Premature birth. Babies born before 37 weeks have about a 40% higher chance of an autism diagnosis compared to those born full-term. The risk rises sharply with earlier delivery: extremely preterm babies (born at 22 to 27 weeks) are nearly four times more likely to be diagnosed. Being born small for gestational age also carries increased risk, though prematurity itself is the stronger factor.
Parental Age
Older fathers have a measurably higher chance of having an autistic child. Men aged 50 and older are about 2.2 times more likely to have an autistic child compared to men under 30, after adjusting for the mother’s age. The risk increases steadily with each decade of paternal age, likely because sperm accumulate more spontaneous genetic mutations over time. Maternal age has also been associated with increased risk in some studies, though the paternal age effect is more consistently documented.
Vaccines Do Not Cause Autism
The claim that vaccines cause autism originated from a 1998 study that was later retracted due to fraud. Since then, extensive research has examined the question. The MMR vaccine specifically has been studied repeatedly, and reviews by the Institute of Medicine and the Agency for Healthcare Research and Quality have found no association between MMR vaccination and autism. This finding has held across multiple large population studies involving millions of children.

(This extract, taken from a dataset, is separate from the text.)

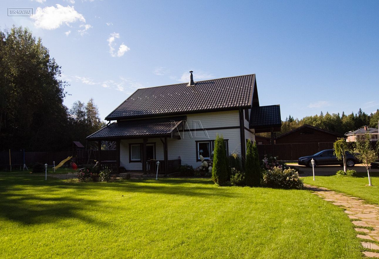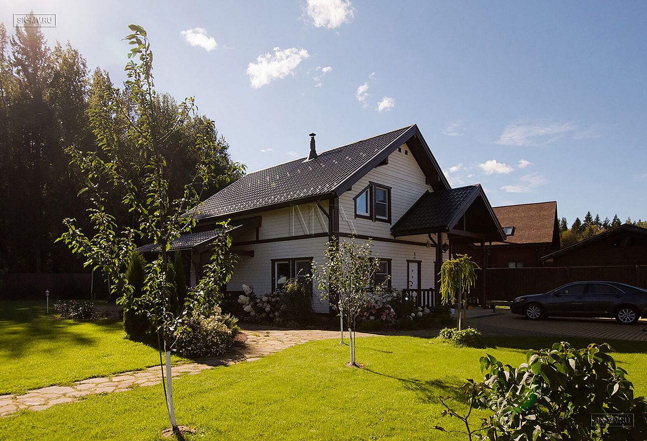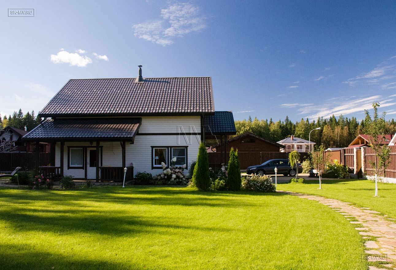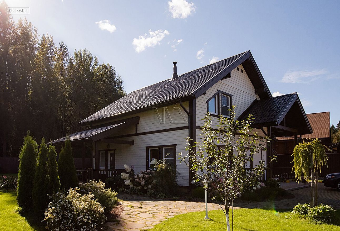 Двухэтажный каркасный дом с мансардным этажом (на фото) построен по типовому проекту «МВ 1» из коллекции Медного Всадника с небольшой адаптацией проекта под участок. Отделка фасада реализована в самом простом исполнении — наружная отделка дома деревом, окрашенным финским кроющим антисептиком Винха с колером молочного и коричневого цветов. Коричневая двускатная кровля безупречно завершает образ этого небольшого уютного домика для постоянного проживания.

Why There Is No Single Cause
Autism arises from a convergence of factors, most of them genetic, that alter how the brain develops before and shortly after birth. No single gene, no single exposure, and no single event explains it. For many autistic people, genetics alone are sufficient. For others, a genetic predisposition combines with prenatal environmental factors to shift brain development along an autistic trajectory.
This also means autism cannot be prevented in any targeted way. It is not the result of anything a parent did or didn’t do during pregnancy or childhood. It is a difference in neurodevelopment with deep biological roots, present from the earliest stages of brain formation.